### [Exercise prompt]
A single number is needed: how many lines of the data below contain "this".

### [Source material]
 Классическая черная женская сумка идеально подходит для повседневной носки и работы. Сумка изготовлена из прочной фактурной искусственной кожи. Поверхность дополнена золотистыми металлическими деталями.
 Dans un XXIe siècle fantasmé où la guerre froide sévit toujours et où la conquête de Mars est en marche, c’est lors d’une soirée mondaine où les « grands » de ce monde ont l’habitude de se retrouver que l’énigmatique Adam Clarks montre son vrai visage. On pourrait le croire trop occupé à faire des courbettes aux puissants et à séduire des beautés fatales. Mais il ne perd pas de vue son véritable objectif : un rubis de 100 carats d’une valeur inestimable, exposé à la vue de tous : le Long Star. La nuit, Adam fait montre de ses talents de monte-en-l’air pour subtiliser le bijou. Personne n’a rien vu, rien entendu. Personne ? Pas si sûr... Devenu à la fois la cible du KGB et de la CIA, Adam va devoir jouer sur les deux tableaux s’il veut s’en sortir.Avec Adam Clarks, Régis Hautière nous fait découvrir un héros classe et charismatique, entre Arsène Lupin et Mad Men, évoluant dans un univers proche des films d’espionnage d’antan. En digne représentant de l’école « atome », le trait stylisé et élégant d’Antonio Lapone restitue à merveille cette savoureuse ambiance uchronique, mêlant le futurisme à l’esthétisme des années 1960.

==

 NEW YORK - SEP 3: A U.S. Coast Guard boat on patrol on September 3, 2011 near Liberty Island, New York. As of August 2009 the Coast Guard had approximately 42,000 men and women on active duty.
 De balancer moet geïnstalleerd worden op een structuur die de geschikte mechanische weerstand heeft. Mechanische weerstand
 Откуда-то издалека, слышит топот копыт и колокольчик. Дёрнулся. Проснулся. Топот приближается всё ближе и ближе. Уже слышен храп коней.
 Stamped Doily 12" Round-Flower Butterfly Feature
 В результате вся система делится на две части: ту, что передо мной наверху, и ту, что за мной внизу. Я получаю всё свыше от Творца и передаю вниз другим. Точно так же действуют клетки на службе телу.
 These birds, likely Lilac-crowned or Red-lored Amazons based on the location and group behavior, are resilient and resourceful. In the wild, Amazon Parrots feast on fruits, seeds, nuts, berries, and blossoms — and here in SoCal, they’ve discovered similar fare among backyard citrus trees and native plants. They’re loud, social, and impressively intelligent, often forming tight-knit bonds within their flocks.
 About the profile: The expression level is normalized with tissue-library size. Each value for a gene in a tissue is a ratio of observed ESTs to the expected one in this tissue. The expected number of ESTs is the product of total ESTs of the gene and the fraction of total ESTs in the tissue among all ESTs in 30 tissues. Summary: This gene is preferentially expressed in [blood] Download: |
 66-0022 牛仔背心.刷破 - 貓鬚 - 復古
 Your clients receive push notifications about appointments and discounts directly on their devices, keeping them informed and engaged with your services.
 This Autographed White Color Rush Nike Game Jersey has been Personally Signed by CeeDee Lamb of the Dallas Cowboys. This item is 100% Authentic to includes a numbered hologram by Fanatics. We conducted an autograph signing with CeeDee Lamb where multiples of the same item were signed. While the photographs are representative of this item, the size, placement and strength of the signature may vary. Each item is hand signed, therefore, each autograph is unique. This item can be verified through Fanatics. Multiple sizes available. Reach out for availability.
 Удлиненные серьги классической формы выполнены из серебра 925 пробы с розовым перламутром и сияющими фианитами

...

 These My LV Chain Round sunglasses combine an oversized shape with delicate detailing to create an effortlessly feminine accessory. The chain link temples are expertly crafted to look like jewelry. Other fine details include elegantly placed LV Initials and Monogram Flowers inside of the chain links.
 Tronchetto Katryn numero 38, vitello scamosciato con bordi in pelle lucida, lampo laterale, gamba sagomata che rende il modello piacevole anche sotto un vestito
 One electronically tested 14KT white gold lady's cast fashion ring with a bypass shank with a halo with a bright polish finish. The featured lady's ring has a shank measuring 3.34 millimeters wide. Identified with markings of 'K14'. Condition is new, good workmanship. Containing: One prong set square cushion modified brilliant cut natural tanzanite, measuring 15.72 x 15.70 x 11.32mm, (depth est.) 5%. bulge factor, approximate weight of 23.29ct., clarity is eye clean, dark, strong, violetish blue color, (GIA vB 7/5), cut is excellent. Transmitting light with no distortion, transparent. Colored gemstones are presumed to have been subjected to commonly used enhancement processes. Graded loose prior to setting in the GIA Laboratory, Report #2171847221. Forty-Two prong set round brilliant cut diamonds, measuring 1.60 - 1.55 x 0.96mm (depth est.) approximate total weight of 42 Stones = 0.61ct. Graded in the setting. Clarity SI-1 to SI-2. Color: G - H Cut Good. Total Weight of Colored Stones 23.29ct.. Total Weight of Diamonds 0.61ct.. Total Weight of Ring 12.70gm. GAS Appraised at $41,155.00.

### [Exercise solution]
2